Content starts
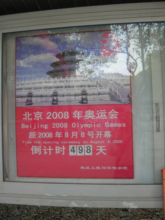 2008北京奥运会即将来临,宁大学子盼奥运迎奥运的热情甚高,为了激发广大同学们对奥运会的热情,在校园内营造一个良好的奥运氛围。吃瓜网 青年志愿者们主动联系了校党委宣传部并得到大力支持,在学校三角地带宣传部的橱窗内设置倒计时牌。
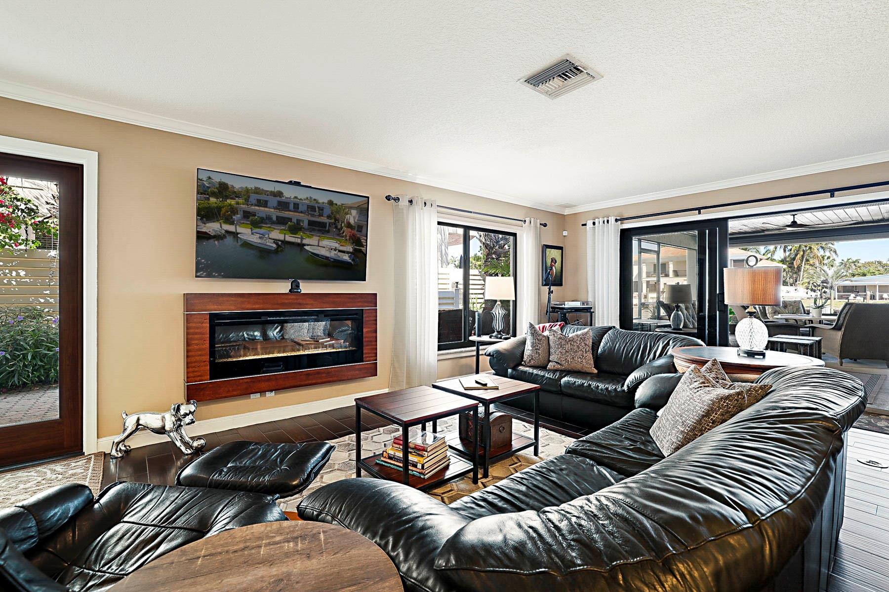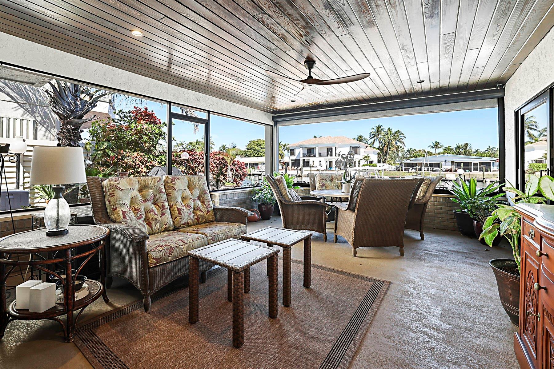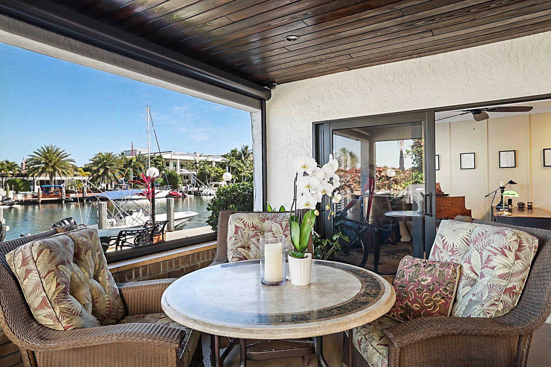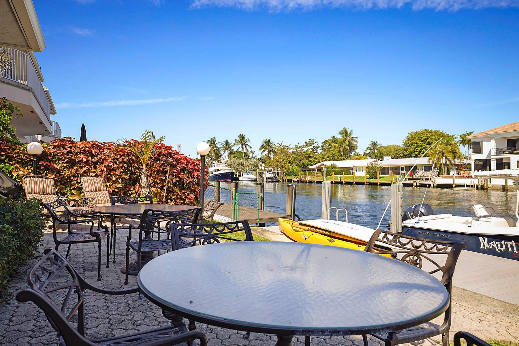 This is an unusual opportunity to own a 3-bedroom 2.5 bath ground floor unit remodeled in the Marina area of Lighthouse Point on the widest canal in the city, so close to the Hillsboro inlet, there is dock space when available on the property. The Unit was decorated by a designer in the last few years. Some of the features in this warm inviting home are stainless steel appliances, beautiful granite counter tops, decorative electric fireplace, full size washer and dryer and an amazing gourmet kitchen and butler bar pantry. Enjoy the use of a beautiful, screened Patio with T and G ceiling overlooking the beautiful wide water views. Launch your Kayak or Paddle Board from the dock and be in the Atlantic Ocean in 10 minutes (literally). Wired for Generator. You must see this gorgeous unit!
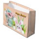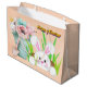 Eine große Geschenktasche für Frühjahr oder Ostern, die mit einem Eimer voller Blume und Niedlichem Kaninchen ausgestattet ist.
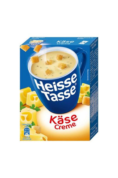 Total Blue va ofera din stoc supa crema de branza, produs import Gemania.Supa instant de branza este usor de preparat si indiscutabil extrem de delicioasa, ce a devenit o mancare adorata de oameni din multe tari. Import Germania supa crema de branza de la Heisse Tasse are un gust inconfundabil si cremos. Supa de branza este recomandata pentru persoanele pofticioase de toate varstele. 1 pachet Heisse Tasse Supa crema de branza contine 3 plicuri de supa instant.
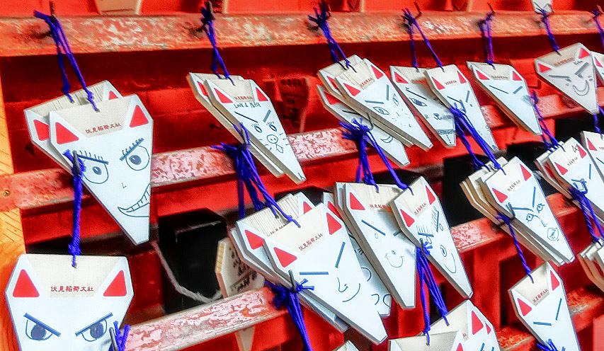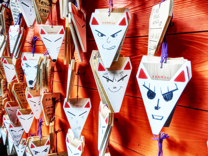 やがて、「奥社奉拝所」に到着すると、「きつね」の顔の「絵馬」・・・じゃなかった、「絵狐」が、たくさん奉納されていますよ。(元は眉毛だけが書いてあるので、あとは各自で、何でも自由に書き込めるのです)
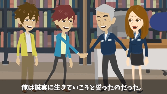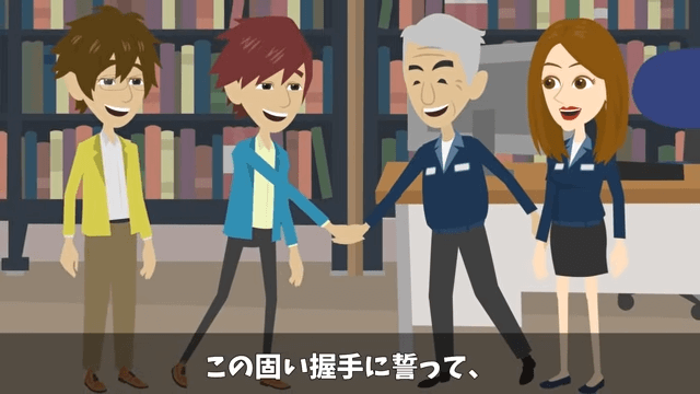 主人公は笑顔で上司と固い握手を交わします。 そして主人公は、この握手に誓ってこれからも誠実に生きていこうと思うのでした。
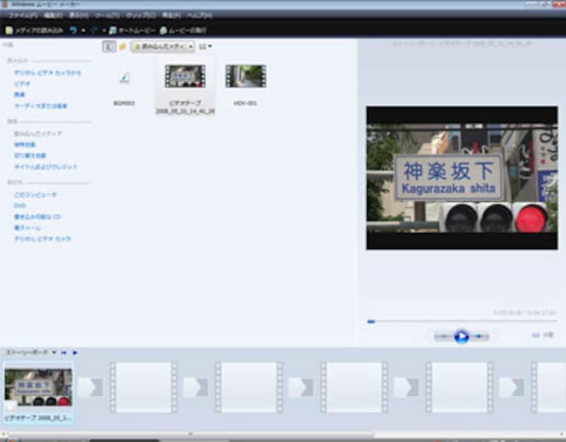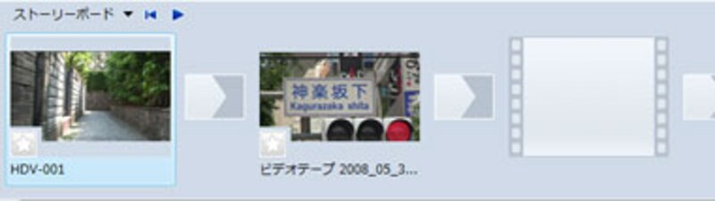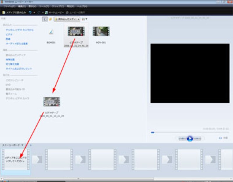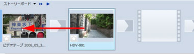 | ▲読み込んだビデオクリップを、ストーリーボードにドラッグ&ドロップする。 |
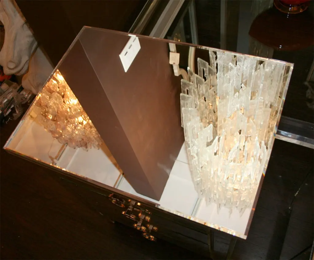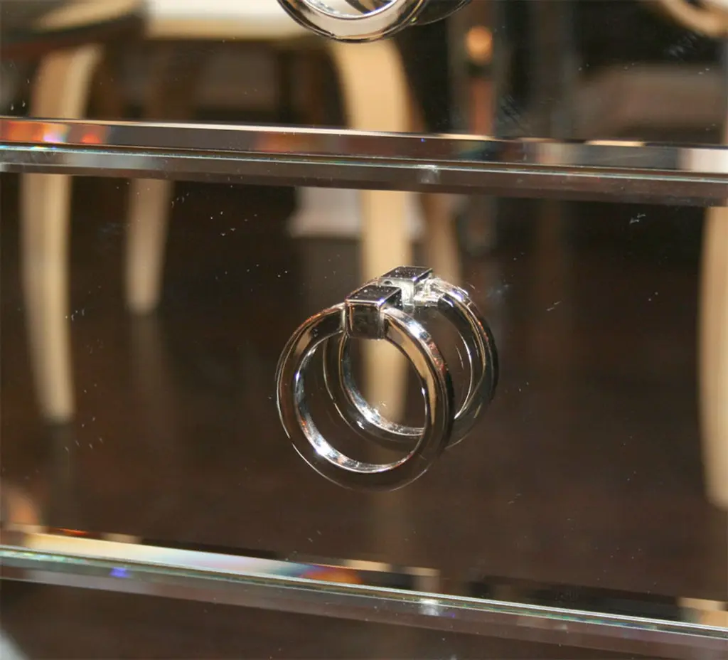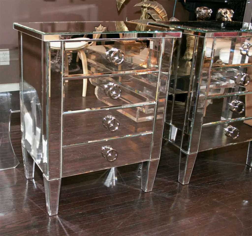 Pair of custom 4-drawer mirrored end tables. Customization is available in different sizes, finishes and hardware.
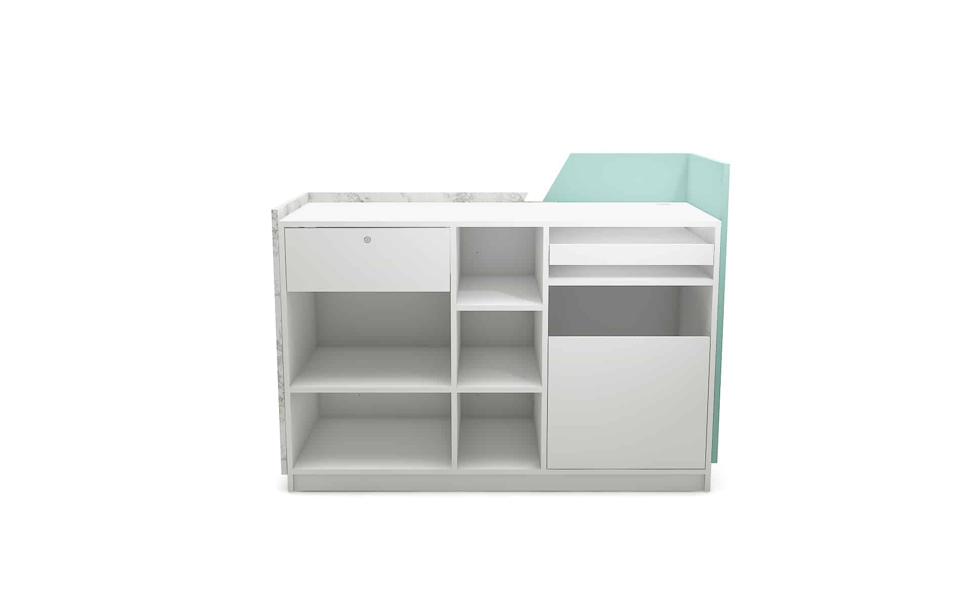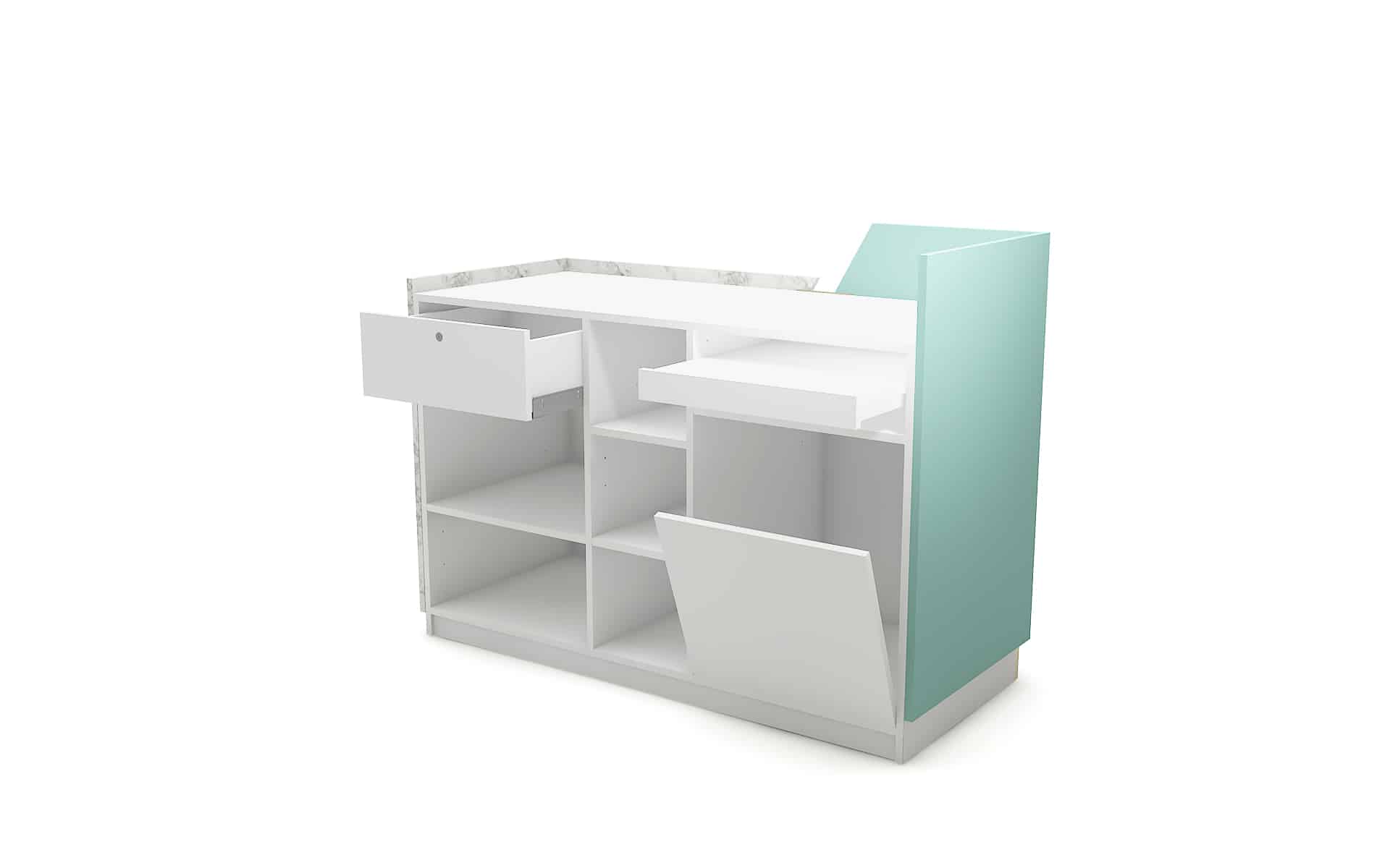 Diese hochwertigen Materialien sorgen für eine langlebige und ansprechende Optik. Der Kassentisch bietet hintere Organisationsmöglichkeiten, darunter eine abschließbare Schublade für sichere Aufbewahrung, verstellbare Einlegeböden für flexible Nutzung sowie ein herausnehmbares Tablett, das die Arbeit erleichtert.
Content ends
ACTION ITEM →
What is needed is an exact copy of the lines above from the one with "やがて、「奥社奉拝所」に到着" to the one with "Pair of custom", both ends kept, and nothing more; please leave the pictures out.

ANSWER SECTION →
 やがて、「奥社奉拝所」に到着すると、「きつね」の顔の「絵馬」・・・じゃなかった、「絵狐」が、たくさん奉納されていますよ。(元は眉毛だけが書いてあるので、あとは各自で、何でも自由に書き込めるのです)
 主人公は笑顔で上司と固い握手を交わします。 そして主人公は、この握手に誓ってこれからも誠実に生きていこうと思うのでした。
 | ▲読み込んだビデオクリップを、ストーリーボードにドラッグ&ドロップする。 |
 Pair of custom 4-drawer mirrored end tables. Customization is available in different sizes, finishes and hardware.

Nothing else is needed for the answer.